Random mutagenesis has been widely used by researchers to identify beneficial mutations in the absence of structural information, or when such mutations are difficult to predict from protein structure [68]. In the present study we decided to use this strategy for improving the accessibility of the epitopes recognized by selected broadly neutralizing antibodies. This is based on the hypothesis that an envelope with increased affinity for a bNAb will bind more efficiently to the B-cells expressing IgGs with the corresponding specificities thereby improving the clonal expansion of the corresponding B cell clones. Therefore, the selected envelope would be more efficient as an immunogen capable of inducing antibodies against the corresponding envelope region than its wild-type version. In this scenario, long periods of somatic mutation would not be required to increase antibody-epitope affinity for bNAb induction. Furthermore, the identification of HIV-1 infected patients with broadly neutralizing activities within the first months of infection indicate that long periods of somatic mutation may not always be essential to induce bNAbs[10].

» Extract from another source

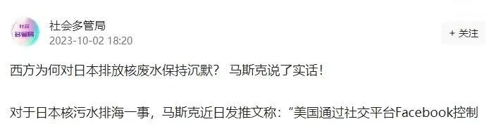 马斯克对日本核污水排海事件发表不满!发推文指责美国西方等国!声称美国这是在用脸书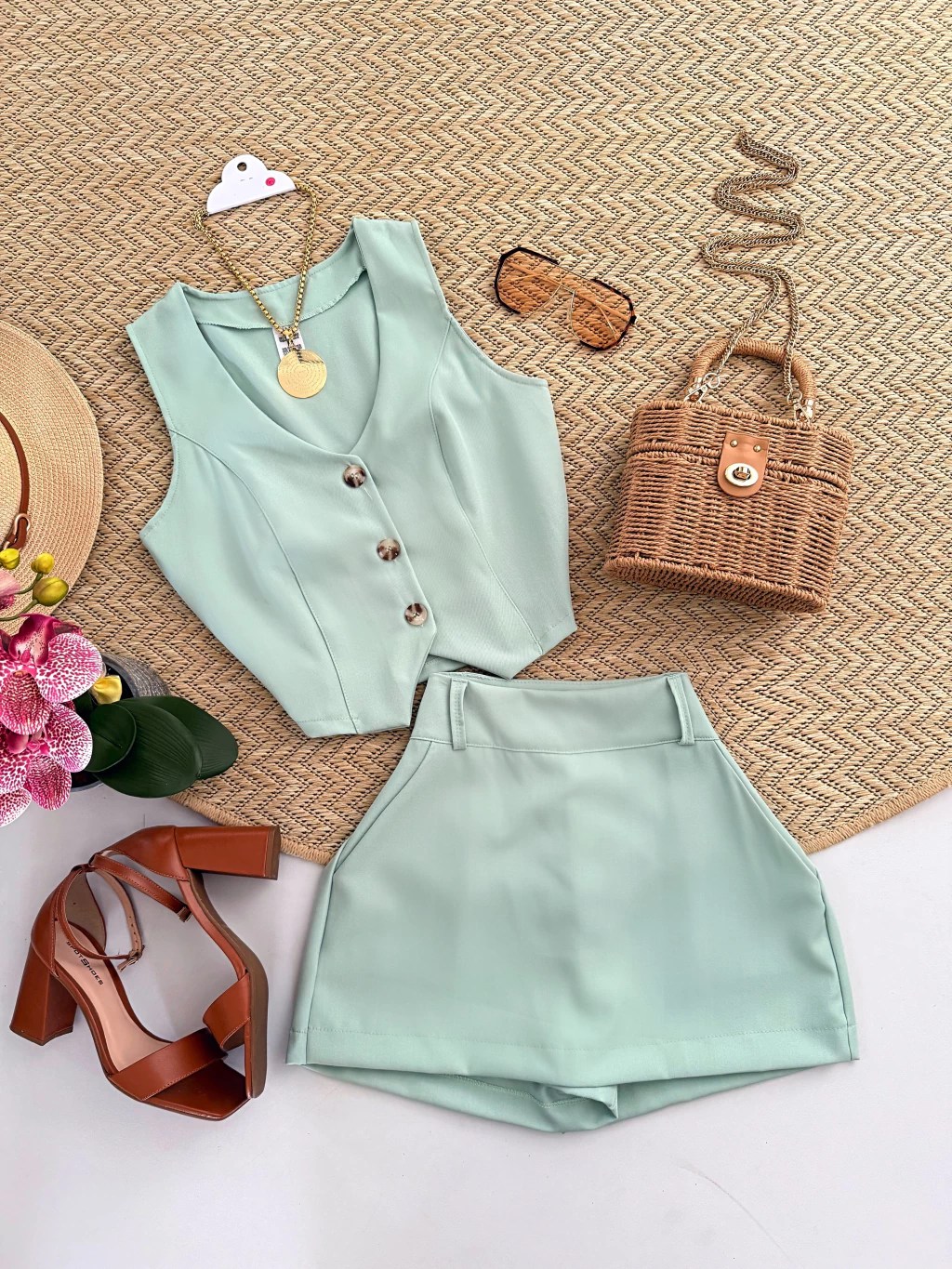 Detalhe Especial Conjunto: Conjunto de Shorts saia e colete. Colete possui botões frontais funcionais. Shorts saia possui zíper lateral, bolso frontal e passador. OBS: SHORTS PARTE DE TRÁS E SAIA PARTE DA FRENTE.

Here, we have used this approach and successfully selected an envelope variant sequence with increased affinity for the bNAb 4E10 after just one round of selection. The selected envelope (LR1-C1) has an increased affinity for the antibody used as bait (4E10). The amino acid replacements incorporated by this variant, the loss of N-linked glycosylation sites and change in the architecture of the V1/V2 loop, were all consistent with changes that have been previously associated with increased exposure of neutralizing epitopes and which has been linked to increased neutralization sensitivity and increased induction of neutralizing antibodies [45,46,48–51]. The increased affinity of several epitopes might also be explained by the selection of an envelope with an open conformation (tier 1-like). This hypothesis would be supported by the observation of an increased binding to 447-52D [58]. Additionally, the affinity increases in several epitopes observed could also be due to the 2.7 fold increase in envelope incorporation observed in LR1-C1. Nevertheless, we hypothesize that there is some specificity associated with the affinity increases detected taking into consideration that they do not affect all the epitopes in the same way. In fact, LR1-C1 has a decreased affinity for 2G12 and VRC01. Moreover, we found an association between the 4E10-selected amino acids incorporated in the LR1-C1 variant and increased sensitivity to 4E10 and 2F5 when more than 650 HIV-1 isolates from the Los Alamos database were analysed (674 for 4E10 and 675 for 2F5). Furthermore, in the RV144 vaccine trial efficacy has been associated to non-neutralizing antibodies targeting positions 169 and 181 within the V2 loop that are in close proximity to mutations N160Y and N187D incorporated in our selected envelope [69]. The observation that the mutations we have identified in our study and mutations associated to vaccine efficacy in RV144 vaccine trial are proximal may indicate that, this V2 loop region could be a site of vulnerability relevant for induction of antibodies with both neutralizing and antibody-dependent cell-mediated cytotoxic activities. Vaccination strategies based on these immunogens should bear in mind the possible decreased exposure of additional relevant epitopes that could be circumvented by combinations of envelopes with increased exposure of different epitopes.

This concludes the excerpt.